Pick out all lines in the listing holding the string "with" and copy them.

(Information given begins)

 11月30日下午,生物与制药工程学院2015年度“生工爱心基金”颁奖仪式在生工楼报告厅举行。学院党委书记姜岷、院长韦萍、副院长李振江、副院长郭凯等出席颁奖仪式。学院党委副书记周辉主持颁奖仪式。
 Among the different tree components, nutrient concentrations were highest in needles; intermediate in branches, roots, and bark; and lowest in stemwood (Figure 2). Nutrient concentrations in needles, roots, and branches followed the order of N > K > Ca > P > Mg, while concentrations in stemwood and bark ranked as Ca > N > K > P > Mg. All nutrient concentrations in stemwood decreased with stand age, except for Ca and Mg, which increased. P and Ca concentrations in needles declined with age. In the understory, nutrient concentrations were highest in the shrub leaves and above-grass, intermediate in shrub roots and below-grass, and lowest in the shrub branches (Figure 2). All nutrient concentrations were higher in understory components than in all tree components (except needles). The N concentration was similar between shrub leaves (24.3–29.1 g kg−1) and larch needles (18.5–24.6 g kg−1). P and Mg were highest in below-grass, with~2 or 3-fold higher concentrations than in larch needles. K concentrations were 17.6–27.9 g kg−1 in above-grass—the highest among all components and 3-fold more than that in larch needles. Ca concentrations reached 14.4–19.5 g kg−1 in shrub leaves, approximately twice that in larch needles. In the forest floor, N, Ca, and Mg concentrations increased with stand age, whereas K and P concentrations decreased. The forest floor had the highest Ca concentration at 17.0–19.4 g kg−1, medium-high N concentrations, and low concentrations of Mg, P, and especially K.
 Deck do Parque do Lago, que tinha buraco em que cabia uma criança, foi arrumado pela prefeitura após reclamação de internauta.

(Information given ends)
(Information given begins)

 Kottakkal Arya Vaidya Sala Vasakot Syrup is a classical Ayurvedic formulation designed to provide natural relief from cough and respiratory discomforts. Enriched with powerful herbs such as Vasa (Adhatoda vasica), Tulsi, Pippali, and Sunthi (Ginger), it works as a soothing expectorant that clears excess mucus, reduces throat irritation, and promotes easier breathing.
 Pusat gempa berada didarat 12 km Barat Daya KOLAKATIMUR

(Information given ends)

Result:
 Among the different tree components, nutrient concentrations were highest in needles; intermediate in branches, roots, and bark; and lowest in stemwood (Figure 2). Nutrient concentrations in needles, roots, and branches followed the order of N > K > Ca > P > Mg, while concentrations in stemwood and bark ranked as Ca > N > K > P > Mg. All nutrient concentrations in stemwood decreased with stand age, except for Ca and Mg, which increased. P and Ca concentrations in needles declined with age. In the understory, nutrient concentrations were highest in the shrub leaves and above-grass, intermediate in shrub roots and below-grass, and lowest in the shrub branches (Figure 2). All nutrient concentrations were higher in understory components than in all tree components (except needles). The N concentration was similar between shrub leaves (24.3–29.1 g kg−1) and larch needles (18.5–24.6 g kg−1). P and Mg were highest in below-grass, with~2 or 3-fold higher concentrations than in larch needles. K concentrations were 17.6–27.9 g kg−1 in above-grass—the highest among all components and 3-fold more than that in larch needles. Ca concentrations reached 14.4–19.5 g kg−1 in shrub leaves, approximately twice that in larch needles. In the forest floor, N, Ca, and Mg concentrations increased with stand age, whereas K and P concentrations decreased. The forest floor had the highest Ca concentration at 17.0–19.4 g kg−1, medium-high N concentrations, and low concentrations of Mg, P, and especially K.
 Kottakkal Arya Vaidya Sala Vasakot Syrup is a classical Ayurvedic formulation designed to provide natural relief from cough and respiratory discomforts. Enriched with powerful herbs such as Vasa (Adhatoda vasica), Tulsi, Pippali, and Sunthi (Ginger), it works as a soothing expectorant that clears excess mucus, reduces throat irritation, and promotes easier breathing.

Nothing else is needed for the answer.